Characteristically, Mitchell was not one for a victory lap Monday. As he quietly departed Israel just as Vice President Joseph Biden was arriving, Mitchell issued a short, four-line statement that he was “pleased that the Israeli and Palestinian leadership have accepted indirect talks,” and saying that he’d be returning to the region next week to “continue our discussions” about “the structure and scope of these” talks going forward. He also said that hopes they will “lead to direct negotiations as soon as possible.”

“I thought it was a good thing that Mitchell was able to say something after all these trips,” Middle East expert Stephen P. Cohen, author of “Beyond America’s Grasp: A Century of Failed Diplomacy in the Middle East,” told POLITICO Monday. But, he added, “Nobody expects proximity talks to be equivalent to negotiations for permanent status.”

Cohen said it’s important that the Palestinian leadership got the support of the Arab League last week to go into talks even without a full Israeli settlement freeze. “When [former Palestinian leader Yasser] Arafat went to Camp David [during the Clinton administration], he never had that kind of [Arab] backing,” Cohen said. Mitchell or somebody “did some important heavy lifting” to get the Arab League endorsement.

But Mitchell’s statement left some observers baffled. What had the parties agreed to if the “structure and scope” of the indirect talks were still being worked out? Could reporters even describe that the indirect talks were already underway?

“No terms of reference [for negotiations], no clear mechanism or modality, no timetable, no list of issues,” have been agreed by the parties, observed former Israeli consul general Alon Pinkas, implying the Herculean effort to get such a substantively thin agreement was almost comical.

But Pinkas added, “While U.S. policy may have been flawed and incoherent at times, you can't fault [President Barack] Obama and Mitchell for trying. The level of distrust between the sides is too deep, Hamas' grip on Gaza is too strong and Netanyahu's unwilling coalition too reluctant to just assume negotiations can be resumed in good faith."
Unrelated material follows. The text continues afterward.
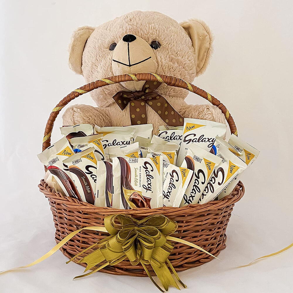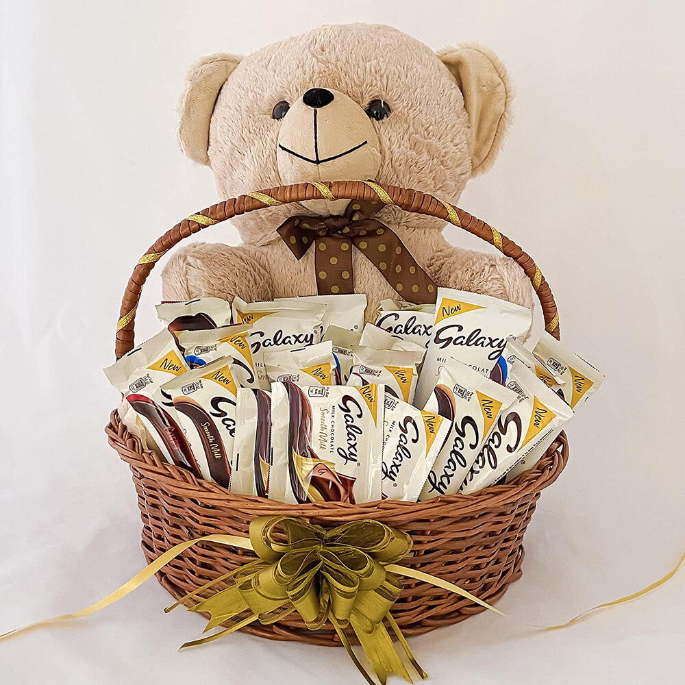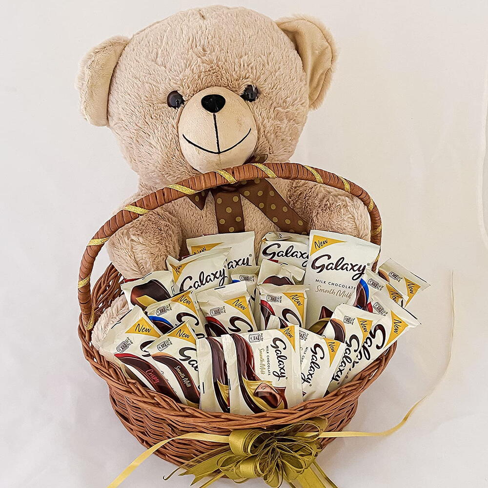 ¿Buscas el mejor regalo de cumpleaños para tu esposa en línea? Aquí tienes algunos artículos de regalo sobre cómo elegir el regalo perfecto para ella. Esta linda cesta de regalo incluye un elegante osito de peluche, chocolates Galaxy y una tarjeta de felicitación

Hussein Ibish of the American Task Force for Palestine said the indirect talks provide a potential bridging mechanism that could ultimately yield the direct final status negotiations the Obama administration has long sought.

"I think they're going to be talking about how to resume full, direct negotiations," Ibish says. "The Palestinians want specifics," Ibish continued. "The Israelis want the vagueness. That's a difficult gap to bridge. …. Proximity talks allow them, and everyone to ease back into the negotiating process with some political protection."

A Democratic congressional staffer recently back from the region agreed the proximity talks glass is both half full and half empty.

“It’s better than complete stagnation and a resumption of violence, but hardly cause for fireworks and a parade,” the Democratic Hill staffer told POLITICO. “Having just been there during recess, prospects for the proximity talks advancing rapidly don’t come to mind.”

So do Mitchell et al deserve props?

“I think it depends on what you expect of a Presidential envoy,” the staffer continued. “If you believe that the most the U.S. can expect under current circumstances is to gain the acquiescence of the two parties -- both of which are highly dependent upon us -- to grant us the privilege of communicating between them, something it should be recalled that, little more than a year ago, they used to do quite nicely without us, then I suppose it’s an achievement,” he said.

“But on the other hand, if you believe the prestige of the President of the United States is badly wasted by having his personal envoy serve as a diplomatic messenger boy between next-door neighbors, it looks rather paltry,” he said.

Cohen was more sympathetic. Mitchell “gets credit as a man for persistence. And Obama has to get credit for not being overrun by hysteria to get a complete settlement freeze. He didn’t see it as the end of the work on the problem. He saw it as the first try of a president who tried from his first month in office” to solve the Middle East conflict. Now, Cohen added, “Obama gets another chance.”